– В подобной ситуации, я считаю, нам следует быть более
демократичными, – пожала плечами «Рыжий Парик». – Не забывайте, что
только вы родились в этой стране. Как бы ни была хороша память Фила, вы с
большим успехом сможете вывести нас отсюда в ту деревню. Учтите, что мы будем
очень спешить. Вы не приказываете Гассану умереть и не бросаете его на произвол
судьбы. Он вызвался на все это исключительно, подчеркиваю, исключительно
добровольно.
– Я убью Мертвяка, – спокойно сказал
Гассан, – а затем догоню вас. Я знаю множество способов укрыться от
преследования. А затем я пойду по вашему следу.

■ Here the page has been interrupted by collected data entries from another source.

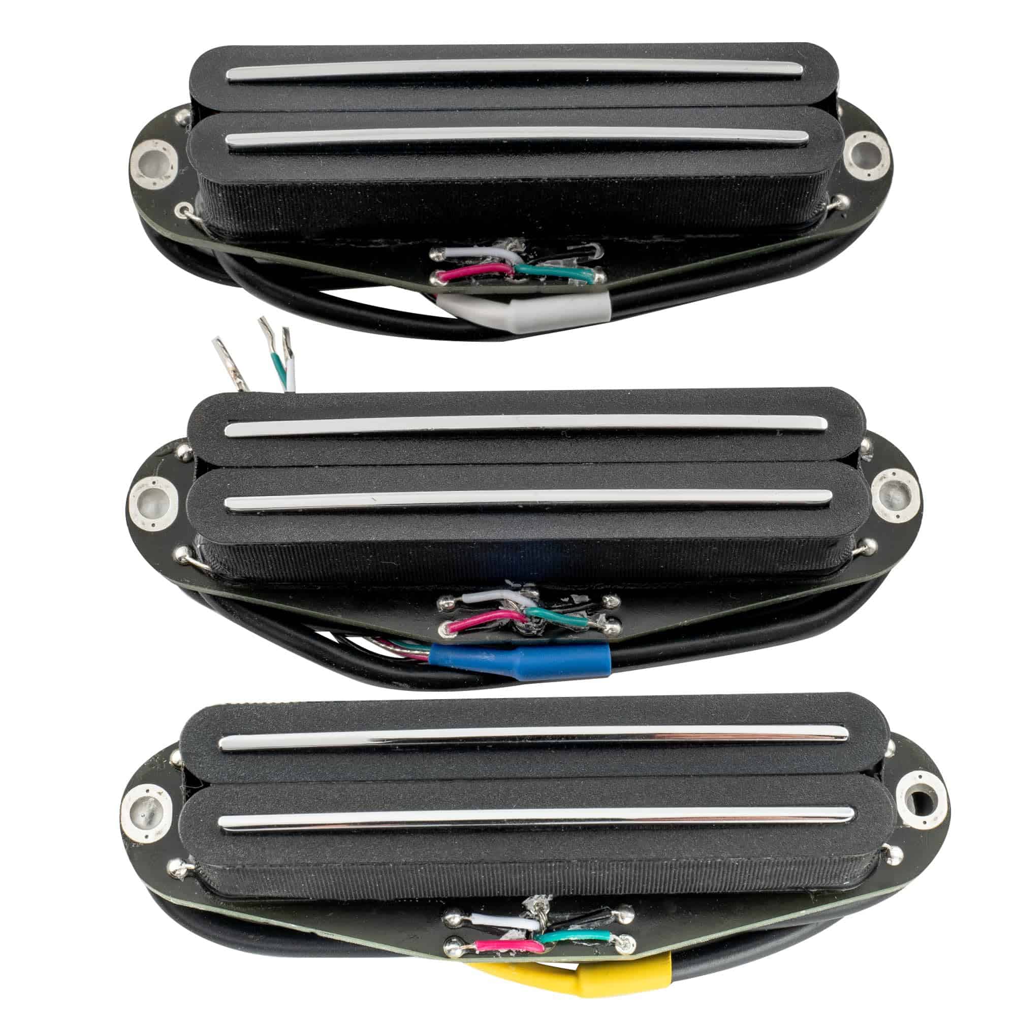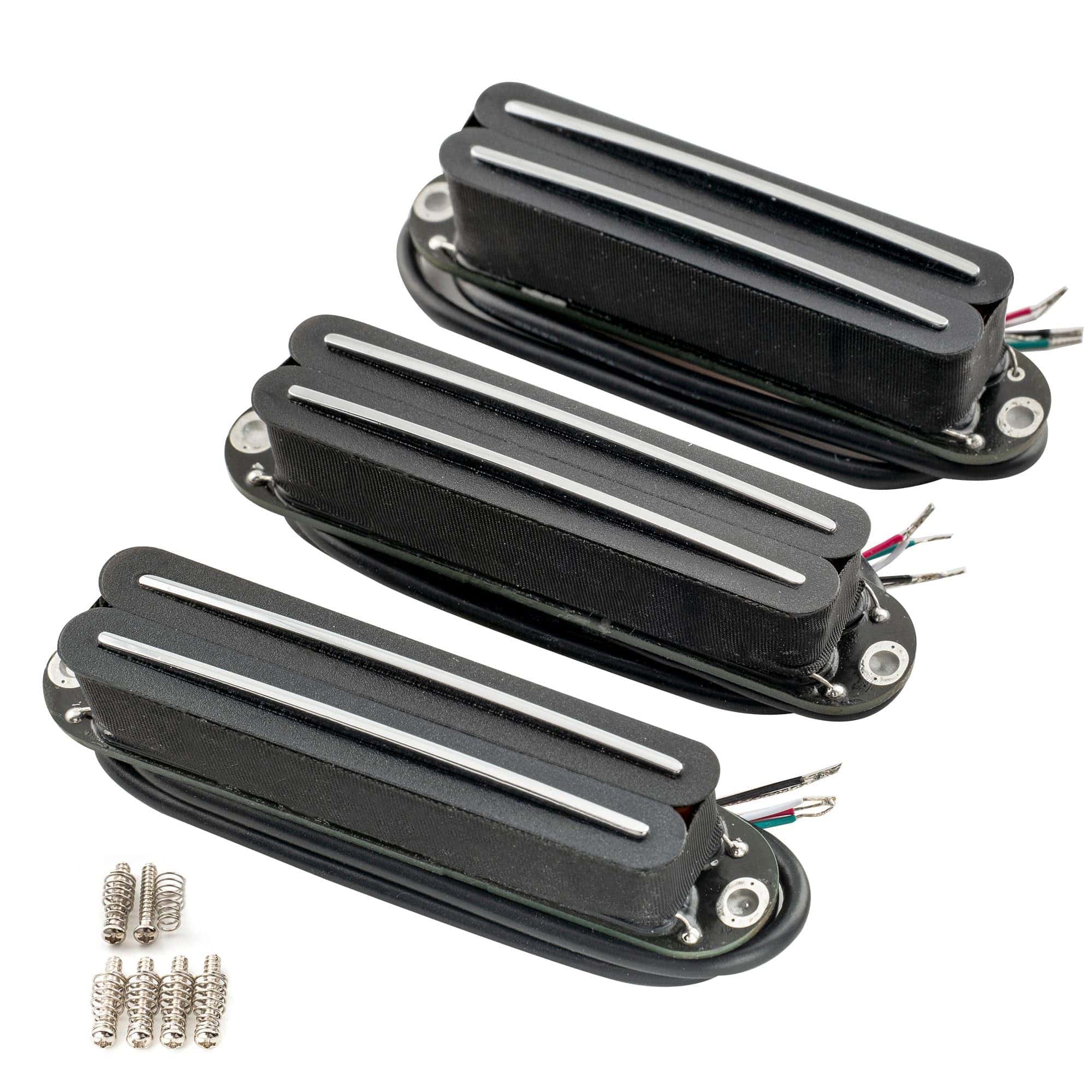 Musiclily Pro Set de Pastillas de Cerámica Dual Hot Rail Single Coil Sized Humbucker Super Distortion para Guitarra Eléctrica Estilo Strat, Negro. Estas pastillas de alta calidad ofrecen un sonido potente y versátil, ideales para músicos que buscan un tono dinámico y definido en su música. Con una construcción robusta y materiales duraderos, estas pastillas están diseñadas para durar y sobresalir en cualquier situación musical. Ya sea que estés tocando suavemente o haciendo riffs pesados, estas pastillas te ofrecen la potencia y claridad que necesitas para destacar en cualquier género musical. Eleva tu sonido con el set de pastillas Musiclily Pro y experimenta una nueva dimensión en tu interpretación musical.
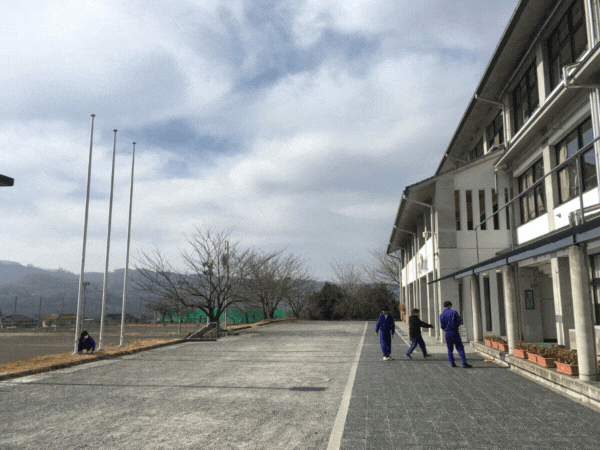 校舎のまわりをウロウロしている芦中生。
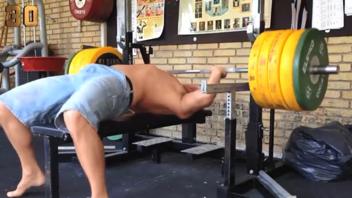 Zijn strottenhoofd is ook niet zo blij met zijn gewichthef-aspiraties. Het hoge gilletje (alsof zijn balletjes gekrompen zijn) op het einde maakt deze video helemaal af.
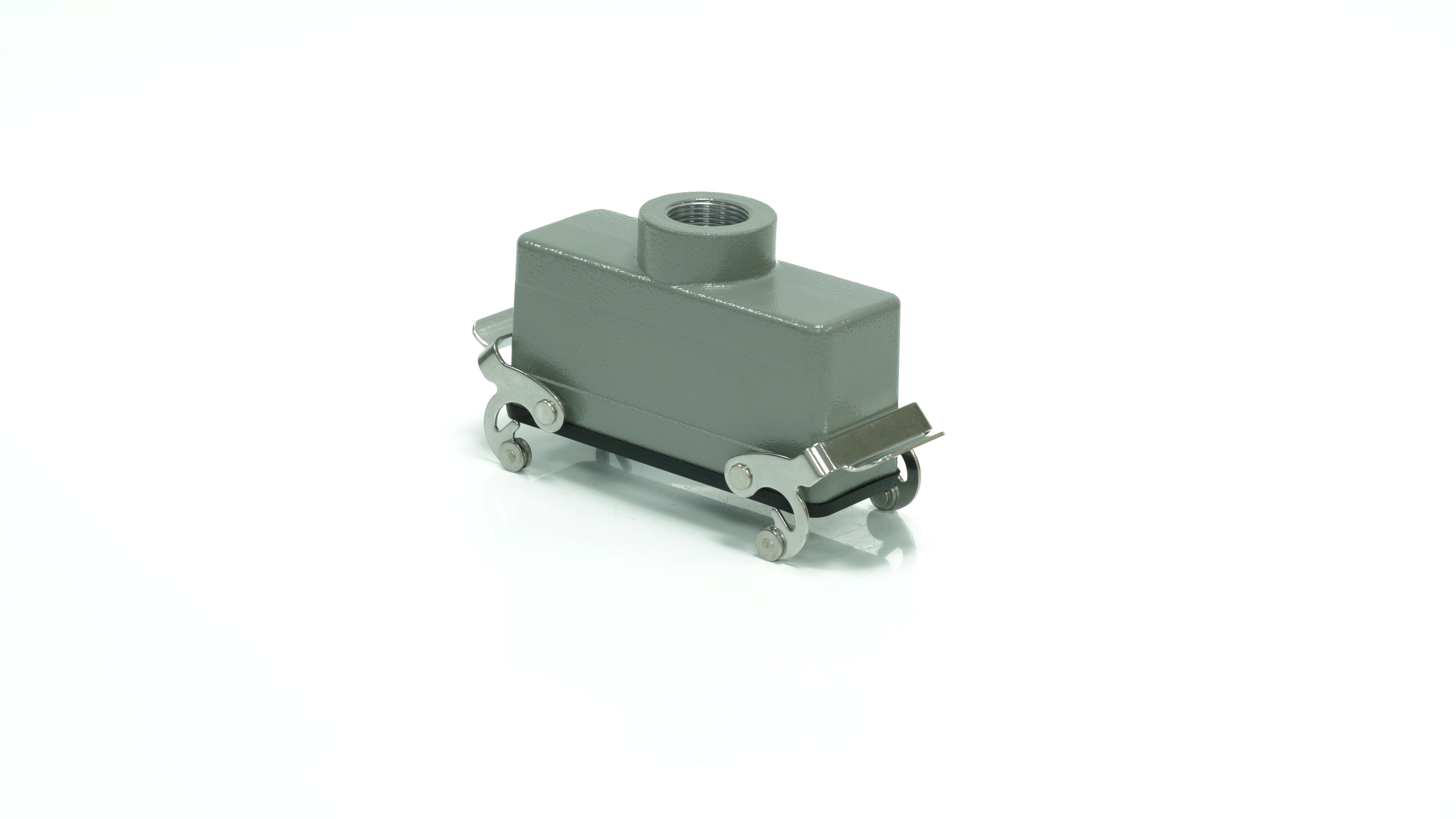This is Top Entry Heavy Duty Power Connector Housing Cable manufactured by RS PRO. The manufacturer part number is 208-3968. Its cable entry is from top angle . The product is available in cable configuration. It is IP rated with ip65. The product rs-h24b, is a highly preferred choice for users. It has top entry body orientation. It has a typical thread size of m25. Whereas, the rs-h24b is the manufacture's size code. The product is highly suitable for rs pro heavy duty inserts and pg or m style cable glands. It includes 2 levers . It comes in cable to cable housing configuration.
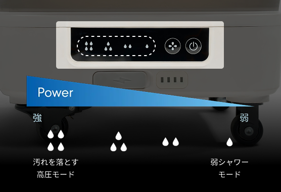 4段階の出力調整が可能な「インテリジェンスモードパネル」を搭載。用途や汚れの種類に合わせて最適な出力を簡単に選択できます。無駄な水や電力を抑え、環境にも優しい設計。
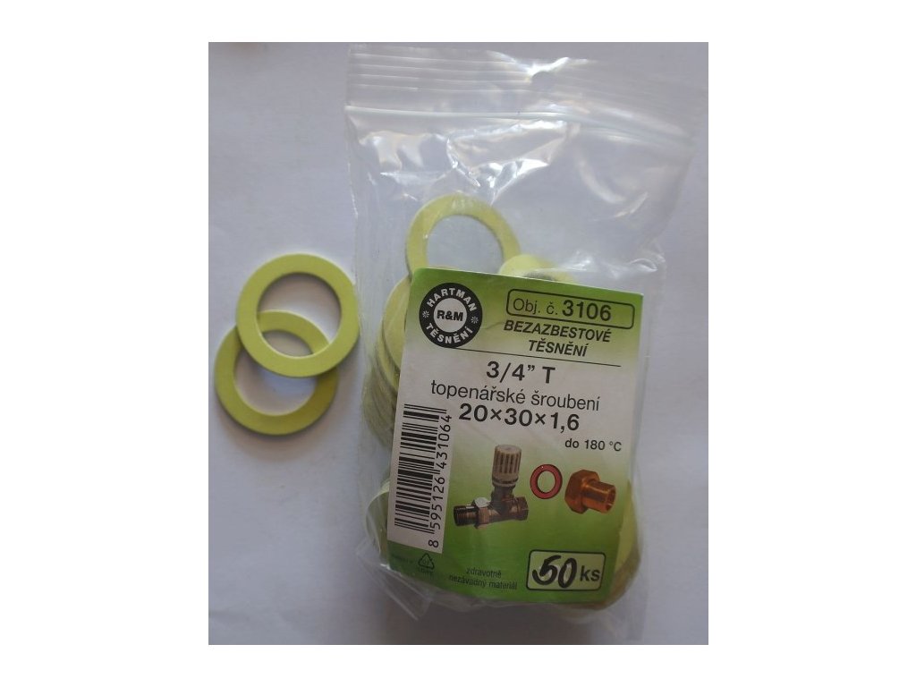 HARTMAN těsnění 3/4"T, 30x1,6mm topenářské, radiátorové, bezazbestové, 50 ks, SADA 3106
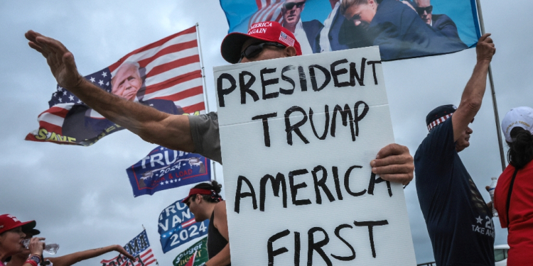(AFP) – There were nerves and prayers among supporters of Donald Trump as they filled a Florida hall for an election results watch party, where the former president was expected to give an address. Men donning formal suits and women in dresses mingled at the Palm Beach County Convention Center event, where they rubbed shoulders with a die-hard Trump fan sporting their political hero’s name emblazoned on a leather vest. Whether dressed in formal attire or more casual wear, many of the attendees wore Trump’s signature red “Make America Great Again” baseball cap.
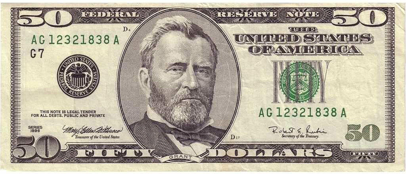 - $50 - 18-й президент США и герой гражданской войны Улисс Грант
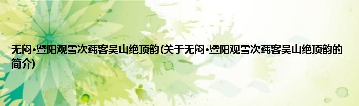 本文关于无闷·暨阳观雪次莼客吴山绝顶韵的简介就讲解完毕,希望对大家有所帮助。
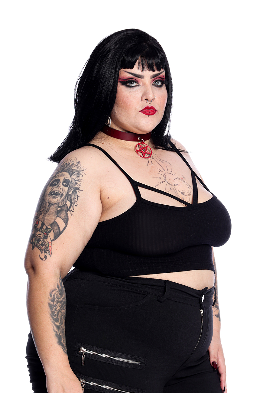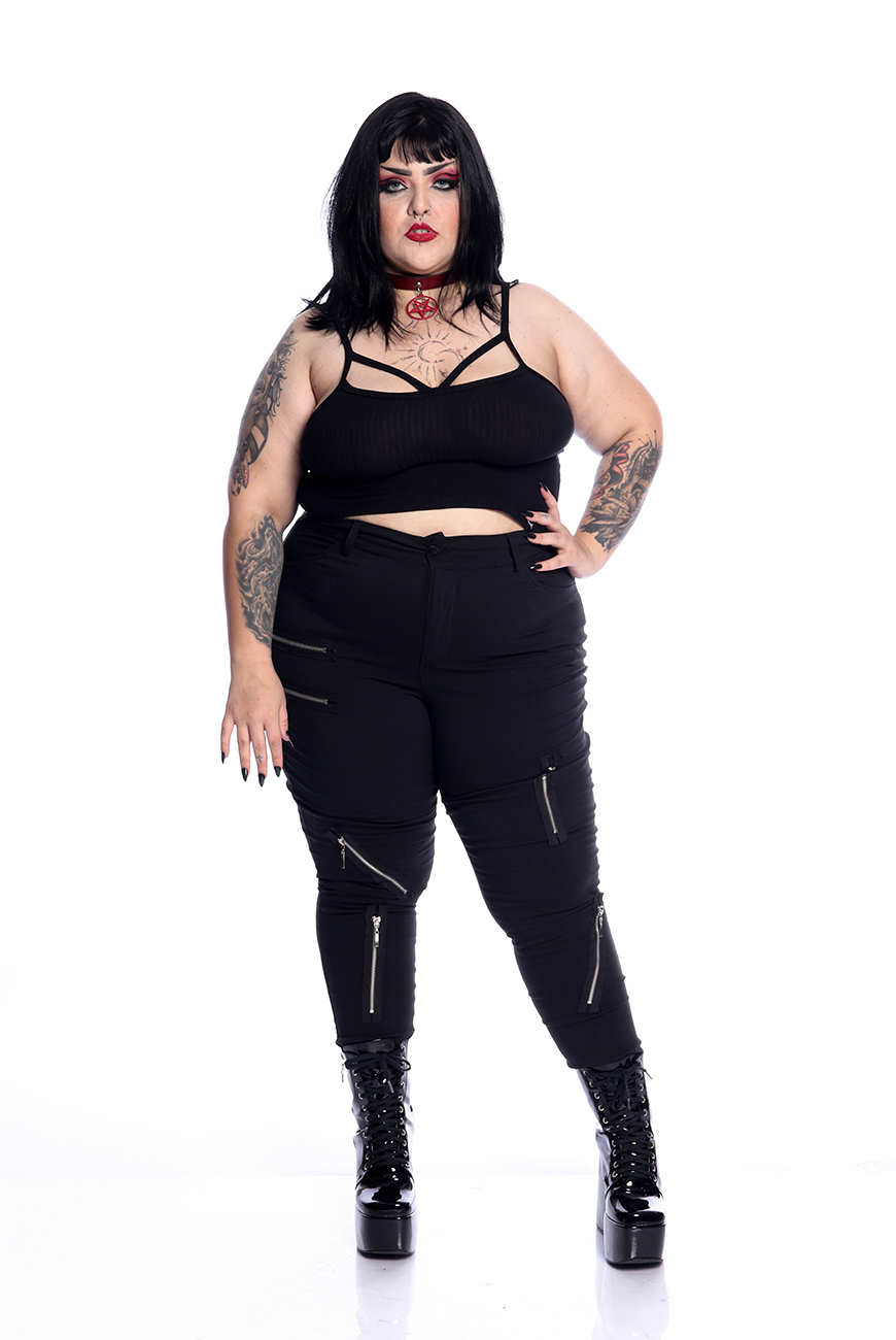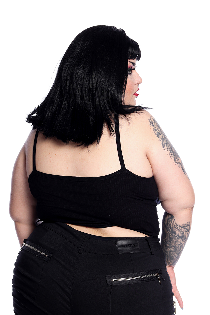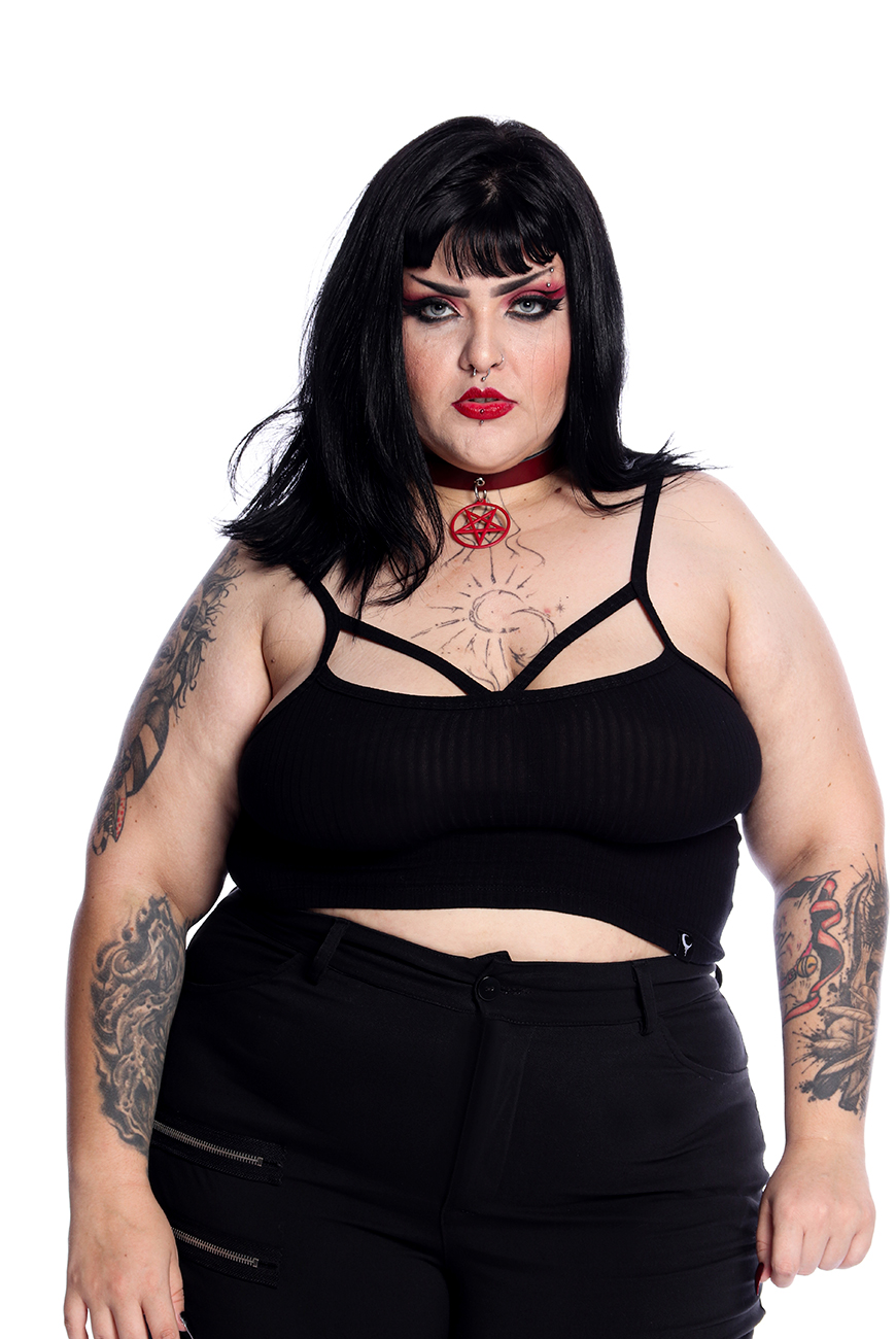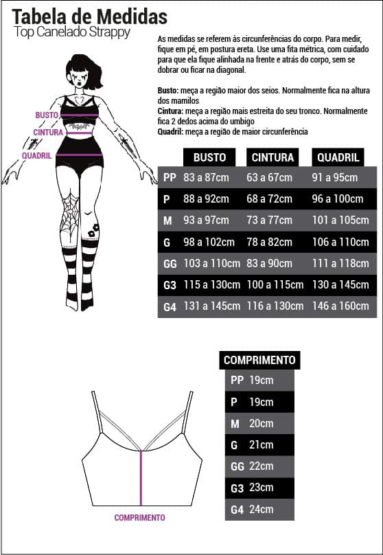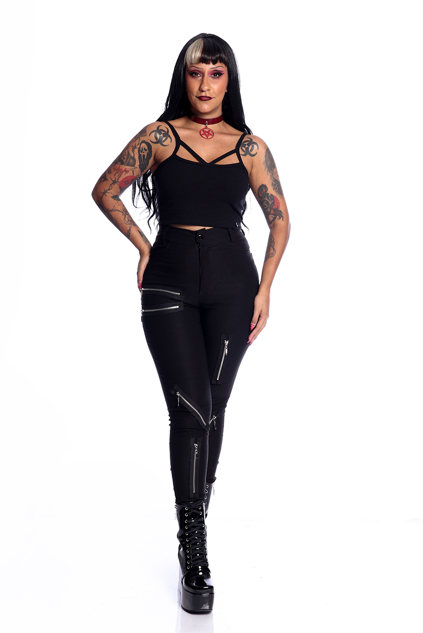Top com alças feito em malha canelada, super macio e confortável, e com o detalhe que toda gótica ama: tiras no decote! Aquela peça chave para dar o toque final no look.
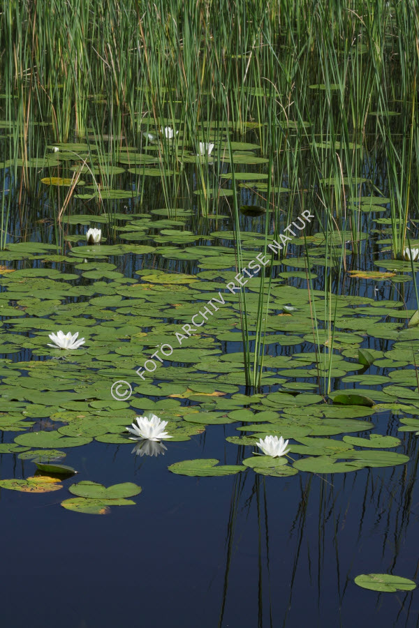Farbe, Flora, Gewässer, Gras, Landschaft, Schilfrohr , Phragmites australis, See, Seerosengewächs, Süßgras, Weiße Seerose, Nymphaea alba, blau, grün, weiß, Åsnen,
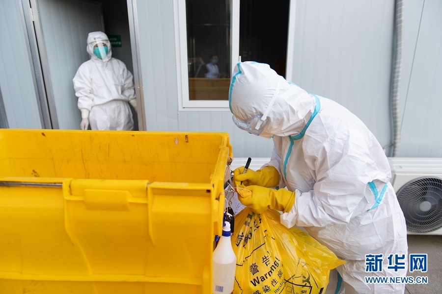 在暂存间,赵映和同事们需要再次对疫情医疗废物进行消毒。赵映说,虽然这份工作辛苦又危险,但是严格的防范措施和到位的个人消毒,还是让他对完成这份工作充满信心。能为疫情防控贡献一份自己的力量,赵映觉得,这份辛苦,值得。

– Это мое дело – убить вампира!
– Тогда, раз мы не можем договориться, то пусть нас
рассудит жребий, – заявил Гассан. – Если только у нас не забрали
деньги вместе с оружием.
– У меня есть кое-какая мелочь, – сказала Элен.
– Подбросьте ее вверх, – попросил я и, когда
монета стала падать, произнес:
– Орел!
Гассан пожал плечами. Он оказался удачливее меня… и мне
оставалось только пожелать ему победы.
Гассан усмехнулся:
– Так у меня на роду написано…
Затем он сел, прислонившись спиной к стене, вытащил узкий
нож и начал подрезать ногти. Он всегда был очень опрятным убийцей и всегда
считал, что опрятность в чем-то сродни черной магии.
Когда солнце стало медленно клониться к западу, Моурби снова
навестил нас, приведя с собой целый конвой куретов с мечами.
– Пришло время, – торжественно объявил он, –
и вы должны сказать нам, кто из вас рискует сразиться с нашим богатырем?
– Гассан! – сказал я.
– Очень хорошо. Тогда пошли. Только, пожалуйста, без
всяких там глупостей. Меня коробит от мысли, что на праздник будет доставлен
испорченный товар…
Окруженные со всех сторон мечами, мы вышли из барака и
двинулись вдоль деревни. Прошли мимо загона и увидели там лошадей. Даже
несмотря на то, что лошади были далеки от совершенства, и их бока к тому же
были покрыты язвами, проходя мимо, мы все же внимательно осмотрели каждую, как
бы уже примеряясь, какую выбрать.
Деревня состояла примерно из тридцати бараков, таких же, как
и тот, в котором нас держали. Мы шли по грязной дороге, усеянной мусором.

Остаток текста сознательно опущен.